Problem details
Starting at the line that contains "Zdjęcie Las, Rzeka, Most, Zima", copy every line through the end of the records below exactly as written, leaving out pictures.

[Stored data entries]
[Start of section]

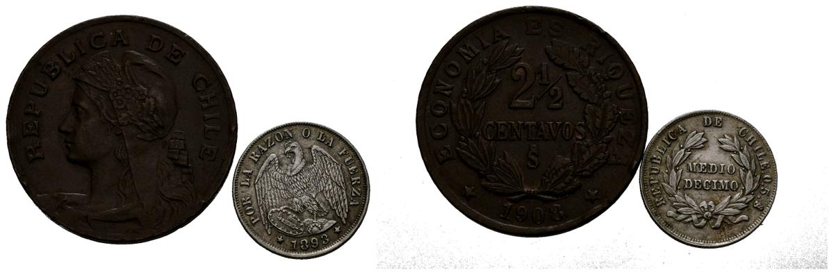 CHILE. Conjunto de 2 monedas de 1/2 Décimo y 2 1/2 Centavos acuñados en 1893 y 1908 respectivamente. Diferentes estados de conservación. A EXAMINAR.
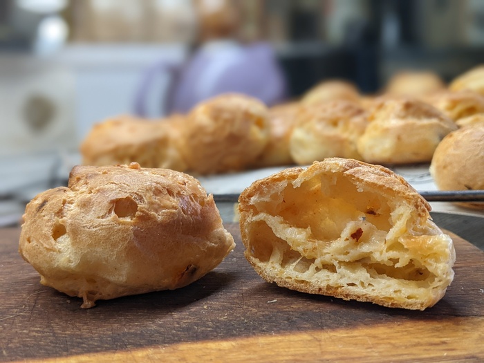 Как-то последние годы за профитролями закрепилось десертное амплуа, а ведь это совершенно универсальная штука - легкие шарики из заварного теста можно начинить чем угодно даже в базовом варианте. А можно сделать сразу закусочные, - к бульону, например. Или вообще так сожрать. Я вот завтра по работе еду с группой ребятишек на пикник, возьму с собой. (У кого уже осень, сочувствую, у нас +26. Справделивости ради, первый раз за 9 лет такой сентябрь, но тем не менее!). Так вот. Ближе к булкам. Вернее, к профитролькам.
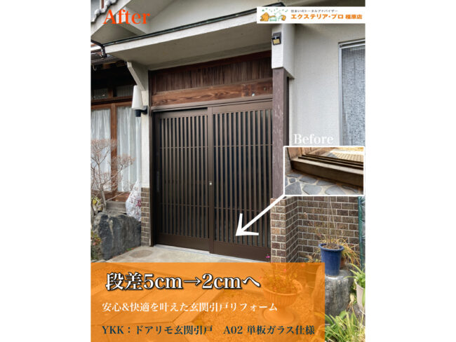 【段差5cm→2cmへ】安心&快適を叶えた玄関引戸リフォーム:橿原市
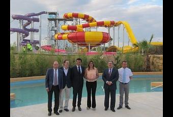 La presidenta de la Junta de Andalucía, Susana Díaz; el alcalde de Sevilla, Juan Ignacio Zoido, junto al presidente de Looping Group, Laurent Bruloy, han inaugurado oficialmente este jueves la nueva zona acuática del parque temático Isla Mágica, Agua Mágica, en la que se estima que unos 200.000 visitantes accedan a este recinto durante este verano, en lo que respaldará una “revitalización” del parque que “consolida” la oferta turística
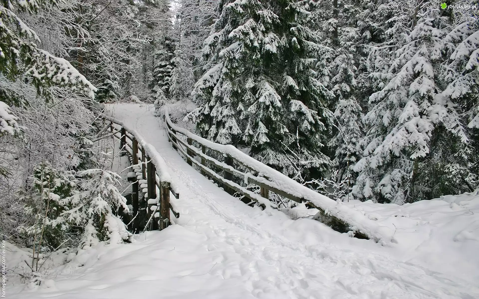 Zdjęcie Las, Rzeka, Most, Zima
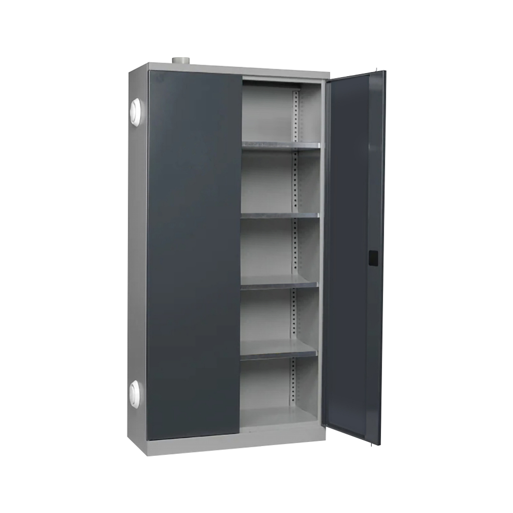 Rymligt kemikalieskåp med fyra galvaniserade hyllor och ventilationsmöjlighet. Säker, stabil förvaring utan brandklassning – idealiskt för kemikalier i ventilationsanslutna utrymmen.
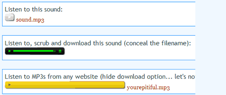 它使用一个在后台的Flash文件来播放Mp3文件,播放器的任何一个地方都可以在XHML/CSS文件里控制。
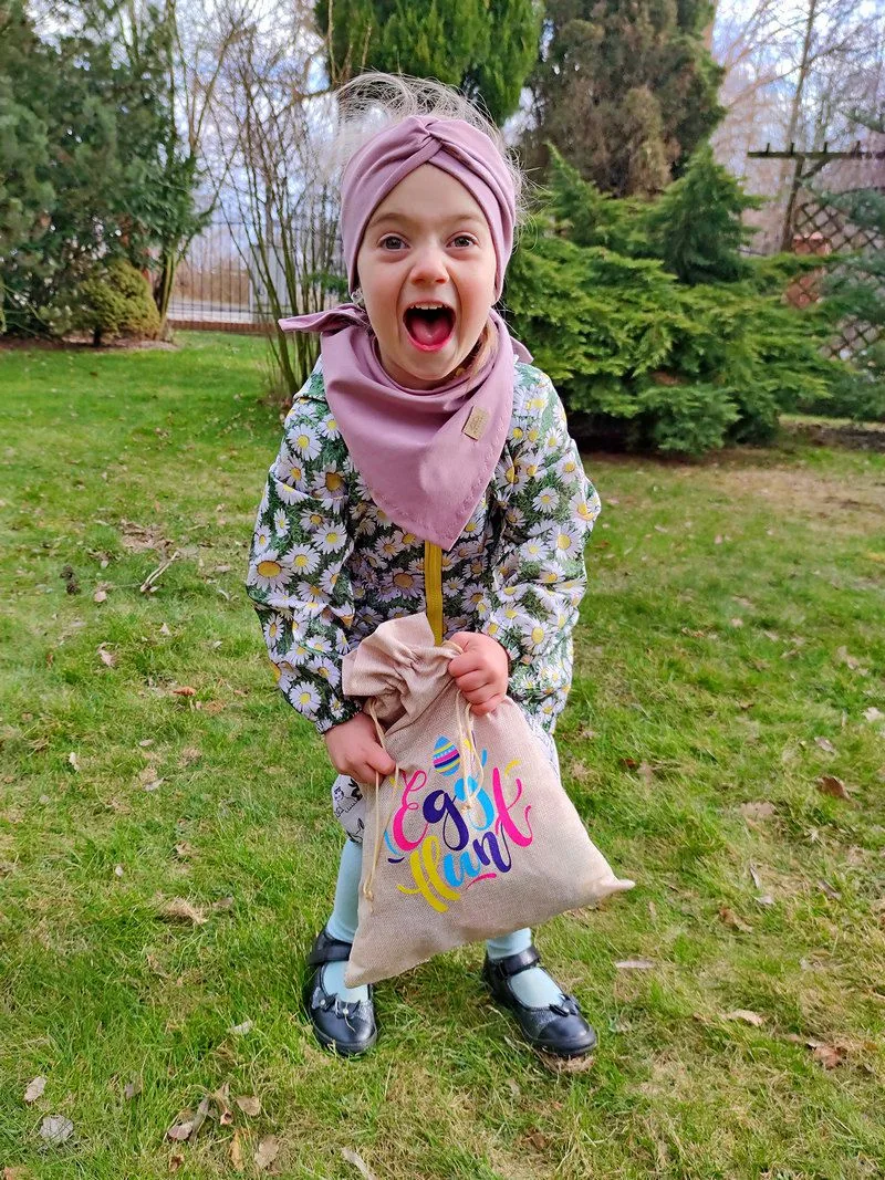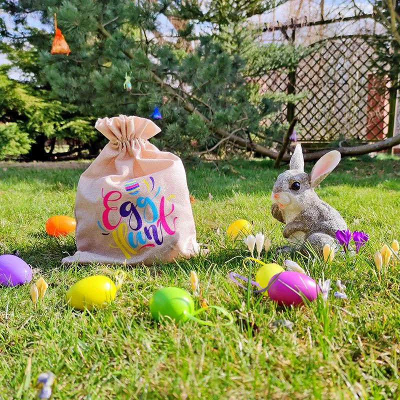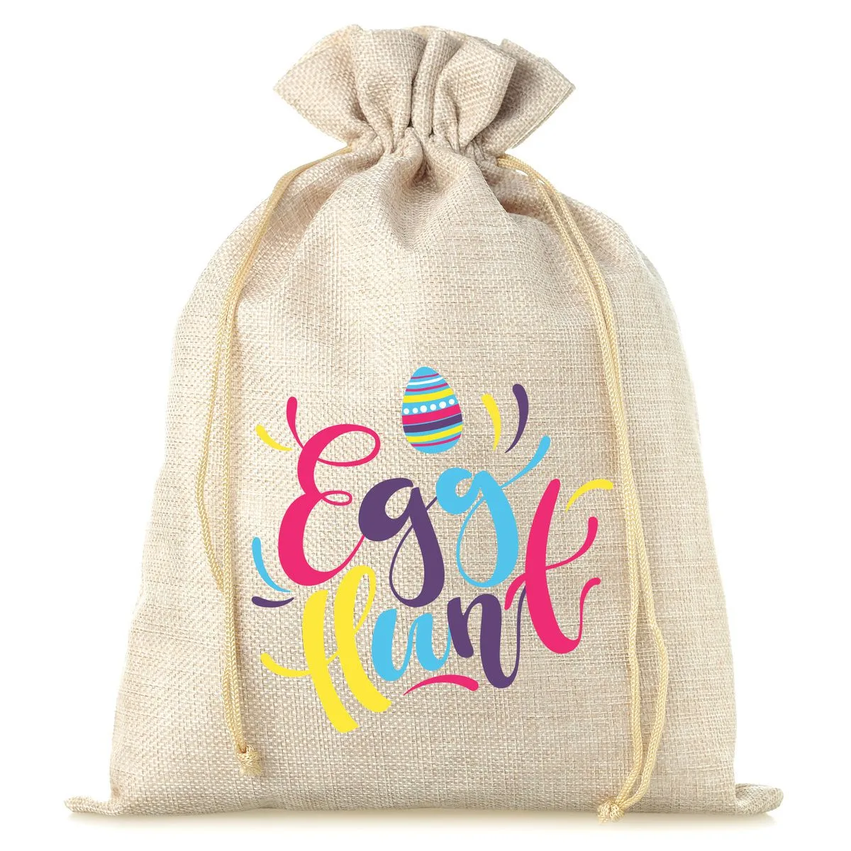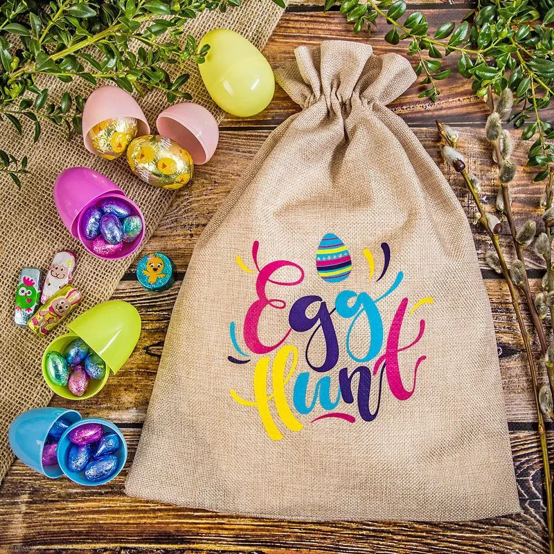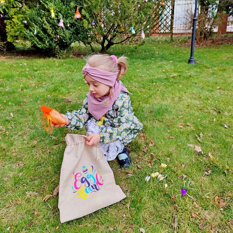 Denne jutepose er dekoreret med et farverigt print, hvor der står "Egg hunt" ( æggejagt). Kender du dette spil? Æggejagt er et påskespil for børn, hvor de skal lede efter farverige påskeæg eller chokoladeæg, der er gemt i haven.
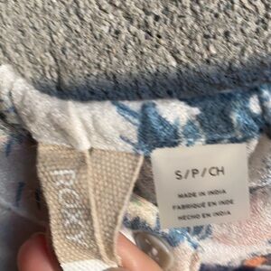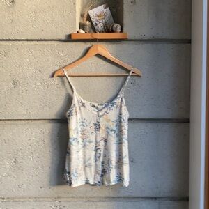 Beautiful print on this cute “almost crop style” spaghetti strap tank top. It has a flowy silhouette, adjustable straps, & very soft fabric. I typically wore it with the open front Design Lab cardigan I have posted that has a boho look to it and the light blue wash Buffalo jeans also posted. It’s a size small and I am typically a medium in almost all brands but this fit nicely because I have a smaller bust. Still love it. Just ready to begin freshening up some of my pieces. Please feel free to request measurements you may need or send questions you have before purchasing.
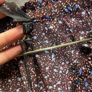 Code x Mode Drop Waist Button Front Ruffle Skirt Satin V Neck Dress

[End of section]

Response to the exercise
 Zdjęcie Las, Rzeka, Most, Zima
 Rymligt kemikalieskåp med fyra galvaniserade hyllor och ventilationsmöjlighet. Säker, stabil förvaring utan brandklassning – idealiskt för kemikalier i ventilationsanslutna utrymmen.
 它使用一个在后台的Flash文件来播放Mp3文件,播放器的任何一个地方都可以在XHML/CSS文件里控制。
 Denne jutepose er dekoreret med et farverigt print, hvor der står "Egg hunt" ( æggejagt). Kender du dette spil? Æggejagt er et påskespil for børn, hvor de skal lede efter farverige påskeæg eller chokoladeæg, der er gemt i haven.
 Beautiful print on this cute “almost crop style” spaghetti strap tank top. It has a flowy silhouette, adjustable straps, & very soft fabric. I typically wore it with the open front Design Lab cardigan I have posted that has a boho look to it and the light blue wash Buffalo jeans also posted. It’s a size small and I am typically a medium in almost all brands but this fit nicely because I have a smaller bust. Still love it. Just ready to begin freshening up some of my pieces. Please feel free to request measurements you may need or send questions you have before purchasing.
 Code x Mode Drop Waist Button Front Ruffle Skirt Satin V Neck Dress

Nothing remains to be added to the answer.